Ровена огляделась, но увидела лишь пустое поле. Ни деревьев, ни камней, чтобы укрыться от дождя. С другой стороны, будь тут дерево… От одной мысли она содрогнулась. Ровена подумала было о том, чтобы спрятаться под аэропланом, но тут же отвергла эту идею. Внезапно ее осенило. Она схватила саквояж, вылезла из кабины и осторожно перебралась на пассажирское место. Расположенные над ним верхние крылья лучше защищали от буйства стихии.

Вынув из саквояжа длинное пальто, она растянула его над собой, как навес, а сама свернулась на полу. Конечно, ткань пропускала воду, но была достаточно плотной, чтобы хоть на время задержать дождь.

Впрочем, она уже и так промокла до нитки. Одной рукой Ровена придерживала пальто, чтобы его не унесло ветром, а другой стянула мокрые летные очки. Бросила их на пол, но шлем снимать не стала, чтобы сохранить тепло. Пошарила свободной рукой в саквояже и нашла смену одежды. Вытерла лицо льняной блузкой, а затем засунула ее за пазуху кожаной куртки, как лишний слой для защиты от холода.

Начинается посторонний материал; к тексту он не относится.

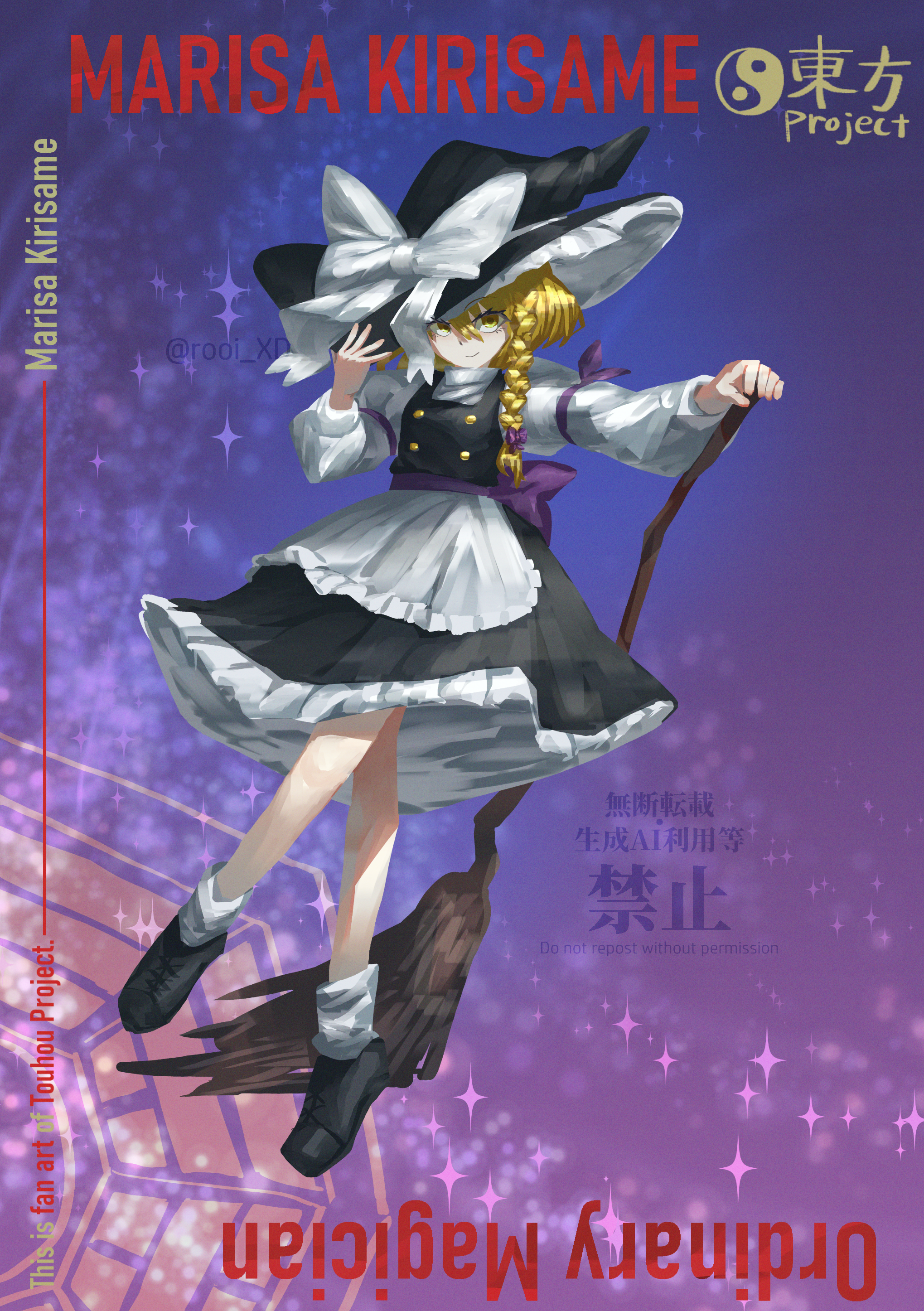 1girl absurdres apron back_bow black_hat black_shoes black_skirt black_vest blonde_hair bow braid broom character_name closed_mouth commentary_request copyright_name frilled_skirt frills full_body hair_bow hand_on_headwear hat hat_bow highres kirisame_marisa long_hair looking_at_viewer purple_bow revision rooi_xd shoes side_braid single_braid skirt smile socks solo touhou twitter_username vest waist_apron watermark white_apron white_bow white_socks witch_hat yellow_eyes

Потом она достала из саквояжа запасную юбку и скомкала ее в подобие подушки. Заправила под нее край пальто и положила голову, чтобы удерживать на месте своим весом. Рукав пальто она привязала к растяжке крыла. Таким образом ткань не давала дождю и ветру проникнуть в отсек.

От холода и страха при мысли, что она едва не разбилась, Ровену поначалу трясло. Но вскоре тепло тела нагрело небольшое пространство, и она обнаружила, что если и не согрелась, то, по крайней мере, больше не мерзнет. Ровена слегка покачивалась, чтобы сохранить тепло, и не могла отделаться от тревоги, думая о Виктории. Что будет с сестрой, если она погибнет? После смерти отца они остались одни. Конечно, есть еще тетя Шарлотта и дядя Конрад, но как Саммерсет, пусть и любимый по-своему, не мог заменить родной дом в Мейфэре, так и семья дяди не могла заменить их маленький круг. Только она, Виктория и Пруденс помнили тот счастливый дом, в котором прошло их детство.

Пруденс.

У Ровены заныло сердце, а щеки вспыхнули от стыда при воспоминании о том, как она обошлась с Пруденс и даже после этого трусливо избегала с ней встреч. Она знала, что Пруденс злится, но разве не лучше попытаться разрешить ссору и выслушать заслуженные упреки, чем навсегда потерять Пруденс? Ровена твердо решила зайти к Пруденс в следующий раз, когда окажется в Лондоне, и вымолить прощение. Даже если Пруденс не простит ее, по крайней мере, она попытается.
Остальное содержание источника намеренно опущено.